Trained in implementing security controls and ensuring compliance with industry regulations.
CES (Certified Encryption Specialist)
Certified in the field of encryption and data protection.
Proficient in various encryption algorithms and techniques.
Skilled in securing data in transit and at rest.
Knowledgeable about cryptographic protocols and their implementation.
Experienced in selecting and implementing appropriate encryption solutions for different scenarios.
Familiar with compliance requirements related to encryption and data privacy.
Capable of identifying vulnerabilities and recommending encryption best practices.

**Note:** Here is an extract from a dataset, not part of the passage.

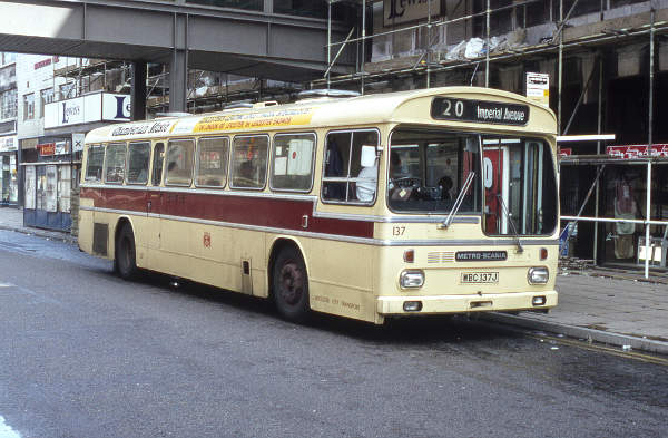 Leicester City Transport 137, WBC137J, a Metro-Scania BR111MH built in 1971 with Metro-Cammell-Weymann B44D bodywork.

Able to assess and enhance an organization's data protection strategies.
CEI (Certified EC-Council Instructor)
Certification that validates the ability to effectively teach EC-Council courses.
Demonstrates an understanding of EC-Council course content and teaching methodologies.
Covers topics such as course delivery, student engagement, and classroom management.
DRP (Disaster Recovery Professional)
Certification that validates the ability to plan for and respond to disaster situations.
Demonstrates an understanding of business continuity and disaster recovery principles.
Covers topics such as disaster recovery planning, risk identification, and business impact analysis.
ISO 27001 LA (ISO 27001 Lead Auditor)
Certification that validates the ability to conduct full audits of an organization's Information Security Management System (ISMS).
Demonstrates an understanding of ISO 27001 standards and principles of auditing.
Covers topics such as audit preparation, conducting audits, and audit reporting.